Exercise description => The answer must be every line below that holds the word "with".

START Data to process

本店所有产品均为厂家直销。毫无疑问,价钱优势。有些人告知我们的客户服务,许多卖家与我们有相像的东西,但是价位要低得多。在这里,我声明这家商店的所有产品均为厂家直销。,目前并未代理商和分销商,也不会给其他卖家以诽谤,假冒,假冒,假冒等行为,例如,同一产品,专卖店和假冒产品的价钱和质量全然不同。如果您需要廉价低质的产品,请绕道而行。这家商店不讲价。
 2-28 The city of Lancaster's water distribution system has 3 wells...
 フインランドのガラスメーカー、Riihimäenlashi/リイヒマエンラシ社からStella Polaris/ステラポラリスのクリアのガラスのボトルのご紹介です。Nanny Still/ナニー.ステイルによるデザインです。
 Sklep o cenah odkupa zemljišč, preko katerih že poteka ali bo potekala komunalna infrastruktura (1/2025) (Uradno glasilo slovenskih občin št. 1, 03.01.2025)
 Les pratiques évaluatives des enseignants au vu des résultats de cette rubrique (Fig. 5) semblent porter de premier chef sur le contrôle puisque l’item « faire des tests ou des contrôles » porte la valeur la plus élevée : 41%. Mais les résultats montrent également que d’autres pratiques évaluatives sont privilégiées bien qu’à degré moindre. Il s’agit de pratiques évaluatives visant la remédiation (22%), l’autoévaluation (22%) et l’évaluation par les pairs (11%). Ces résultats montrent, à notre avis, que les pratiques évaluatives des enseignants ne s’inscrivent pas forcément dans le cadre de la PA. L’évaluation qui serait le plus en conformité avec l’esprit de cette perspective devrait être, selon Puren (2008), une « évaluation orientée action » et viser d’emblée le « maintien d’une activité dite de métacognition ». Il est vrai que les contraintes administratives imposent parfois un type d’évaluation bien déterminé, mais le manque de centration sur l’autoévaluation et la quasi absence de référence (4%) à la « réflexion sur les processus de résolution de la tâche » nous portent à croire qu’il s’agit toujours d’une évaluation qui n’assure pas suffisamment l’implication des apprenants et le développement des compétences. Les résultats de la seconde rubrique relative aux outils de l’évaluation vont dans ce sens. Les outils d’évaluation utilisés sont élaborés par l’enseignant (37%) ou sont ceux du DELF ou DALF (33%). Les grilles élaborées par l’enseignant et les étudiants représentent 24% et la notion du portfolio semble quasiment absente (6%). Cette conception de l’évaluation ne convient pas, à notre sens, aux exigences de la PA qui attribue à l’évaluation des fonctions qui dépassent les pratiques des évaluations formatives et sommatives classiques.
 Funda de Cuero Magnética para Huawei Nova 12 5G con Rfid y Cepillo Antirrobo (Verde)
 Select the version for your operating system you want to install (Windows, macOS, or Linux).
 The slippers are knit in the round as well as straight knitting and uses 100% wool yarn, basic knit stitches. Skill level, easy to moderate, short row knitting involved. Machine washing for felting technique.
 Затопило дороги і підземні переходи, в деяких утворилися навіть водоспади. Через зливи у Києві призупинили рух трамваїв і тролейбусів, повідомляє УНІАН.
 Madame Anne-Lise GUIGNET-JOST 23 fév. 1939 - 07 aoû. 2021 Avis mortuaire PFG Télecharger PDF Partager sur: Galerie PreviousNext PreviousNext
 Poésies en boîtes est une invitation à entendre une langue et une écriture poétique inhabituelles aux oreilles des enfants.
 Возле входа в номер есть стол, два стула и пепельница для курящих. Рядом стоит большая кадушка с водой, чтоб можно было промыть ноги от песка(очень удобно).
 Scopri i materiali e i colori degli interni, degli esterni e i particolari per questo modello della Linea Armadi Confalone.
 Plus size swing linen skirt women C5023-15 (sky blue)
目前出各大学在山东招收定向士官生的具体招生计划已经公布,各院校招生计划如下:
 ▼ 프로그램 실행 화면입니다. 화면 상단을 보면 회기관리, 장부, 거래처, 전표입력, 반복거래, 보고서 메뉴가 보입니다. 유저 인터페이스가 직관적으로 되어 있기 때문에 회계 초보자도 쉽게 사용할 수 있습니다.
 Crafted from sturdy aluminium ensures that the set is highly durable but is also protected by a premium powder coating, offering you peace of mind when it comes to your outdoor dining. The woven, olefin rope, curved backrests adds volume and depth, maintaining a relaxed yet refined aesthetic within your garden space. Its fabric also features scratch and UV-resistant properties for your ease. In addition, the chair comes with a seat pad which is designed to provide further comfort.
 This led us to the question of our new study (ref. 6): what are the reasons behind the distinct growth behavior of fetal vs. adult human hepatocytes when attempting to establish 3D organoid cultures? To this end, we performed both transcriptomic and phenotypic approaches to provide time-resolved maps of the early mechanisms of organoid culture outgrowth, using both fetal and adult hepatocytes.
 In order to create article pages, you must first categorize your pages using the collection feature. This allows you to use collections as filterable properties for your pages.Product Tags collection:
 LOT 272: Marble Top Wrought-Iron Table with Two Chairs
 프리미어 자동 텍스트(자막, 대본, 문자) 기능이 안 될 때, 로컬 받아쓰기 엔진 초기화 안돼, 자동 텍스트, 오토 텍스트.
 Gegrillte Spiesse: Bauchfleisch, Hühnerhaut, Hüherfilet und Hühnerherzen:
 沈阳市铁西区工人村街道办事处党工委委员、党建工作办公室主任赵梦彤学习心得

END Data to process

Task result =>
 Crafted from sturdy aluminium ensures that the set is highly durable but is also protected by a premium powder coating, offering you peace of mind when it comes to your outdoor dining. The woven, olefin rope, curved backrests adds volume and depth, maintaining a relaxed yet refined aesthetic within your garden space. Its fabric also features scratch and UV-resistant properties for your ease. In addition, the chair comes with a seat pad which is designed to provide further comfort.
 LOT 272: Marble Top Wrought-Iron Table with Two Chairs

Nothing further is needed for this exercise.